We took the boys to the Baltimore science museum and they enjoyed that.  So I'm sure they'll enjoy the Orlando museum.

Charles


----------



## Big Matt

Go to Downtown Disney and browse around, maybe catch a movie.
Circque de Solei La Nouba
Tour the Disney Resorts.  
Have lunch at Animal Kingdom Lodge or Wilderness Lodge.


----------



## littlestar

Go eat at Disney Wilderness Lodge resort. Ask the front desk for a hidden mickey find-it sheet. Then take the kids on a hidden mickey hunt around the resort. Go over to the Villas at Wilderness Lodge lobby and show the kids the Carrolwood Pacific train cars on loan from the Disney family. They are on display under glass at the villas. The lodge is fun for kids. 

If it's not raining, check out the campfire/s'mores at Disney's Fort Wilderness campground. Chip and Dale show up and they show a Disney movie (weather permitting). You may have to bundle the kids up if it's cold.


----------



## iluvwdw

These are some great ideas! 

What about Disney Quest at DTD??


----------



## DebBrown

I know you asked about non-theme park ideas but I always go to the parks on the rainy days.  Just wear your ponchos!  The lines will be shorter anyway.  Save the sunny days for hanging around the pool. 

Deb


----------



## cindi

I hope the weather lasts and you don't have to worry about it! I have been in Orlando the last two days and it has been 80 and sunshine.    Just perfect. Especially when you left 8" of snow and 32 degrees!

We will practically be neighbors, as I am at Cypress Harbour, MY favorite Orlando Marriott.


----------



## littlestar

Wow, Cindi, that is great weather! We'll be down in a few weeks - I can't wait!


----------



## BocaBum99

You can go on a timeshare presentation!   LOL.


----------



## CMF

*Actually . . .*



			
				BocaBum99 said:
			
		

> You can go on a timeshare presentation!   LOL.


 
I am going to tour Grande Vista to learn more about the resort  

Charles


----------



## CMF

*We will do the Parks too.*



			
				DebBrown said:
			
		

> I know you asked about non-theme park ideas but I always go to the parks on the rainy days.  Just wear your ponchos!  The lines will be shorter anyway.  Save the sunny days for hanging around the pool.
> 
> Deb



Hi Deb, we will spend at least two of the days at the parks. My sister is a cast member at Disney.  So I was fishing for other ideas.

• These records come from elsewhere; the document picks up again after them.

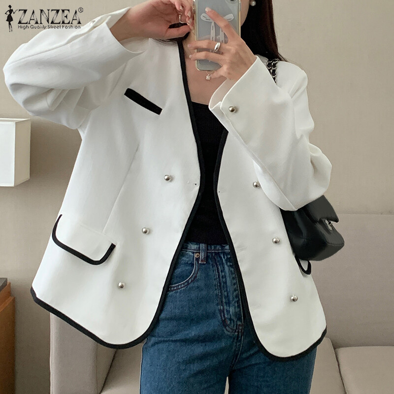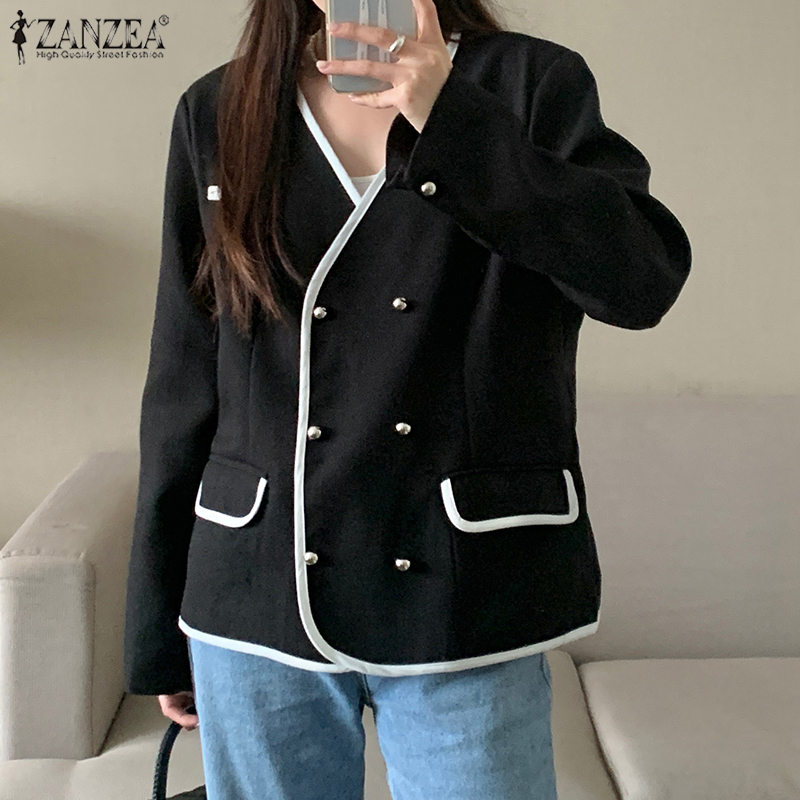 ZANZEA Korean Style Women's Elegant V-Neck Long Sleeve Blazer Office OL Double Breasted Suits #10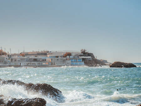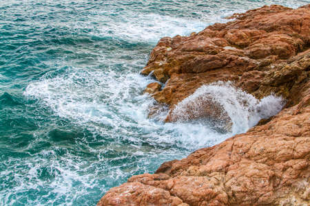 Sea waves with splashes crash on the coastal stones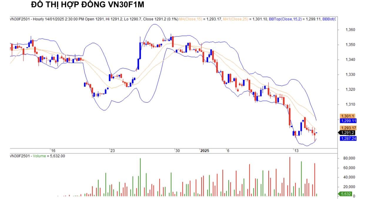 Riêng hợp đồng tháng hiện tại VN30F2501 đóng cửa tại 1.291,2 điểm, giảm -8,3 điểm so với phiên kế trước. Mức giảm của hợp đồng này ít hơn mức giảm của chỉ số cơ sở nên khoảng cách chênh lệch gia tăng với mức dương +1,97 điểm.

There are some good ones here.

Charles


----------



## cindi

littlestar said:
			
		

> Wow, Cindi, that is great weather! We'll be down in a few weeks - I can't wait!



I hope you get the same wonderful weather. It is suppose to cool off in a few days here, unfortunately. I am hoping they are wrong.   

But in the meantime, am I ever enjoying this!!

I hope you enjoy your stay and look forward to hearing about it when you return.


----------



## labguides

There is an airplane museum near Orlando. Don't know if it would appeal to young children.


----------



## jfbookers

*Boat ride*

While my wife was in a meeting I took a boat ride around some North Orlando lakes close to Rollins College.Lots of nice homes. Think it was $8.00 per person.


----------



## PeterS

We always save Gaylord Palms for the day with the worst weather...

It is a great resort, outside of Disney with a massive roof covering and extensive area of attractions, restaurants, and shopping, themed to different parts of Florida.. Key West, everglades, St. Augustine, etc..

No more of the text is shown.